Indian Science Congress: ‘Modern technology must for food security’
Opposition to the introduction of GM crops in India was hijacked first by leftist, then neo-leftist and now by far right, and in the bargain India will be left way behind, warned genetics scientist Deepak Pental on Monday.india Updated: Jan 05, 2015 22:02 IST
Opposition to the introduction of genetically modified (GM) crops in India was hijacked first by leftist, then neo-leftist and now by far right, and in the bargain India will be left way behind, warned genetics scientist Deepak Pental at a session at the 102nd Indian Science Congress on Monday.
“The previous Prime Minister was for biotechnology, but did not get his way. The new PM is also for the technology. But he will have to tackle opposition from right wing groups,” said Pental at a session ‘GM crops: The use of modern biotechnology in agriculture’ that saw a packed Shankarrao Chavan auditorium. “If the country self-inflicts injury, we will be left way behind and depend only on transnational corporations who have deep pockets.”

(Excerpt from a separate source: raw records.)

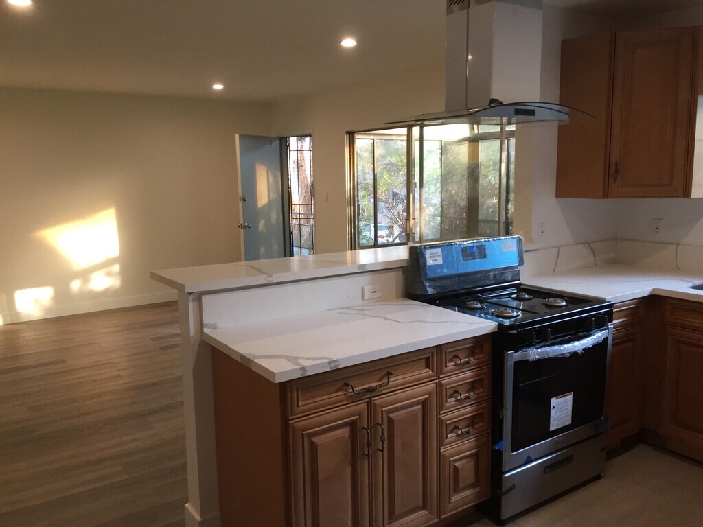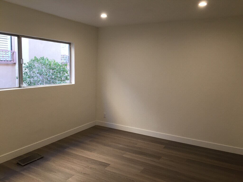 Apartamento totalmente remodelado de dos dormitorios y dos cuartos de baño con duchas nuevas, electrodomésticos de acero inoxidable, nuevos armarios, nuevos pisos laminados de madera, nuevo aire acondicionado central y luces LED empotradas. La cocina cuenta con encimeras de cuarzo y electrodomésticos de acero inoxidable que incluyen: refrigerador, estufa de gas, campana de escape, lavaplatos y triturador de basura. Smart Digital central de aire acondicionado y calefacción. Gran ventana frontal. Ubicado en una de las ubicaciones más deseadas de Brentwood al sur de San Vicente en Barrington Ave. A pasos de tiendas y restaurantes de moda en San Vicente. cerca de Brentwood Village y UCLA. El hotel cuenta con lavandería compartida y espacio cubierto en el estacionamiento para vehículos. Medida por separado para gas y electricidad por unidad pagada por el arrendatario. Plazo de arrendamiento de un año.Llame para configurar el tiempo (310)699-83one3
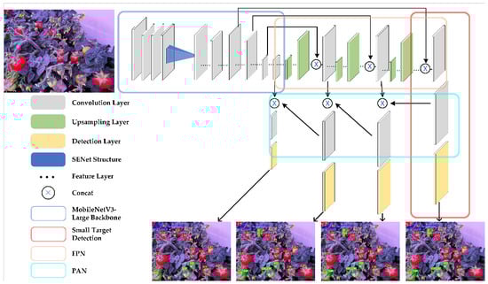 The integrated architecture of SM-YOLOv5 includes a backbone network (in blue) that was replaced with MobileNetv3-Large. The small-target detection layer added based on the original three-layer target detection model is represented by the red box. The FPN and PAN structures (in yellow and cyan boxes, respectively) were supplemented with a small object detection layer to enhance the detection of small targets.
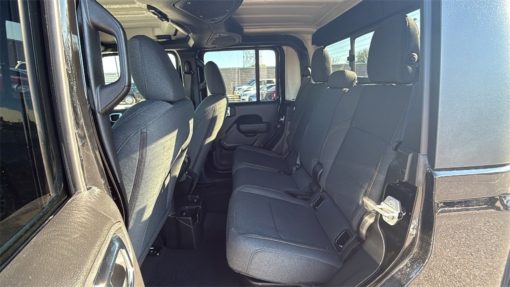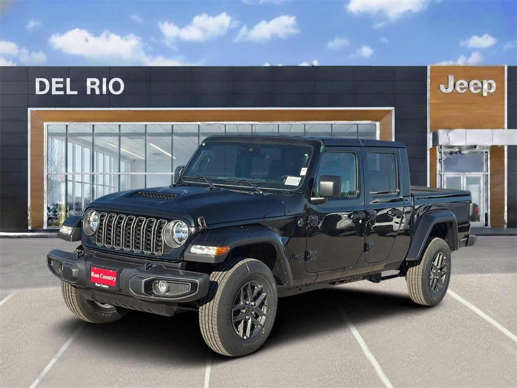 This 2025 Jeep Gladiator Sport S in Black Clearcoat comes with the following features: 3.6L V6 24V VVT 8-Speed Automatic 4WD Dark Sky Appearance Package (Body Color Fender Flares (2-Piece), Daytime Running Lamp System, Mold In Color Bumper w/Gloss Black, and Performance Hood), Quick Order Package 24S Sport S (Advanced Brake Assist, Automatic Headlamps, Deep Tint Sunscreen Windows, Enhanced Adaptive Cruise Control, Full Speed Forward Collision Warning Plus, Normal Duty Plus Suspension, Power Heated Mirrors, Premium Wrapped Steering Wheel, Security Alarm, Sun Visors w/Illuminated Vanity Mirrors, and Wheels: 17 x 7.5 Gray), AM/FM radio: SiriusXM, Low tire pressure warning, Occupant sensing airbag, Power windows, Radio data system, 110 MPH Vehicle Max Speed Calibration, 12.3 Touchscreen Display, 3.73 Rear Axle Ratio, 4-Wheel Disc Brakes, 4G LTE Wi-Fi Hot Spot, 8 Speakers, ABS brakes, Air Conditioning, Alexa Built-In, Apple CarPlay, Apple CarPlay/Android Auto, Black 3-Piece Hard Top, Brake assist, Cloth Low-Back Bucket Seats, Compass, Connectivity - US/Canada, Delay-off headlights, Driver door bin, Driver vanity mirror, Dual front impact airbags, Dual front side impact airbags, Electronic Stability Control, Freedom Panel Storage Bag, Front anti-roll bar, Front Bucket Seats, Front Center Armrest w/Storage, Front fog lights, Front License Plate Bracket, Front reading lights, Google Android Auto, Illuminated entry, Integrated roll-over protection, Manufacturer's Statement of Origin, MOPAR All-Weather Slush Mats, MOPAR Spray In Bedliner, Normal Duty Suspension, Outside temperature display, Overhead airbag, Panic alarm, ParkView Rear Back-Up Camera, Passenger door bin, Passenger vanity mirror, Power steering, Radio: Uconnect 5 w/12.3 Display, Rear anti-roll bar, Rear reading lights, Rear Sliding Window, Rear Window Defroster, Remote keyless entry, Speed control, Split folding rear seat, Steering wheel mounted audio controls, Tachometer, Telescoping steering wheel, Tilt steering wheel, Traction control, Trip computer, USB Host Flip, Variably intermittent wipers, Voltmeter, and Wheels: 17 x 7.5 Black Steel Styled. Price includes: $1000 - 2025 Southwest BC Bonus Cash . Exp. 03/02/2026 $2250 - 2025 National Retail Bonus Cash . Exp. 03/02/2026

Scientists called for removal of policy hurdles to facilitate widespread use of genetically modified (GM) crops technology. Controversy over the introduction of GM crops goes back to more than a decade when the government approved GM cotton (Bacillus Thuringiensis or BT cotton) by Monsanto despite opposition from civil society on issues of soil contamination, impact on human and animal health as well as biodiversity.
In 2010, anti-GM activists once again raised a cry when the centre’s regulatory body approved open field trials of BT brinjal for human consumption.
The symposium, however, lacked a critical view with all the speakers comprising leading genetic scientists and biotechnologists opining that if India has to achieve food security, the country will need to adopt GM crops within the framework of stringent regulatory norms. According to them, allowing field trials under strict monitoring will generate scientific data that will result in informed decision.
“It is not a safety issue but a regulatory issue. There is policy paralysis,” said RS Paroda, former director general, Indian Council for Agricultural Research. “Concerns must be addressed scientifically. There is no doubt with the technology and we have the best regulation. But implementation is a problem and there is scope for improvement.”
Stating that the government must allow trials of GM crops developed by publicly funded Indian institutions similar to China or invest in new generation of pesticides like in Europe, Pental said, “If we want to do agriculture with 18th century methods with such a huge population then we have gone nuts. This is about societal hierarchy by those who do not want to engage in science and technology. And these call themselves nationalists.”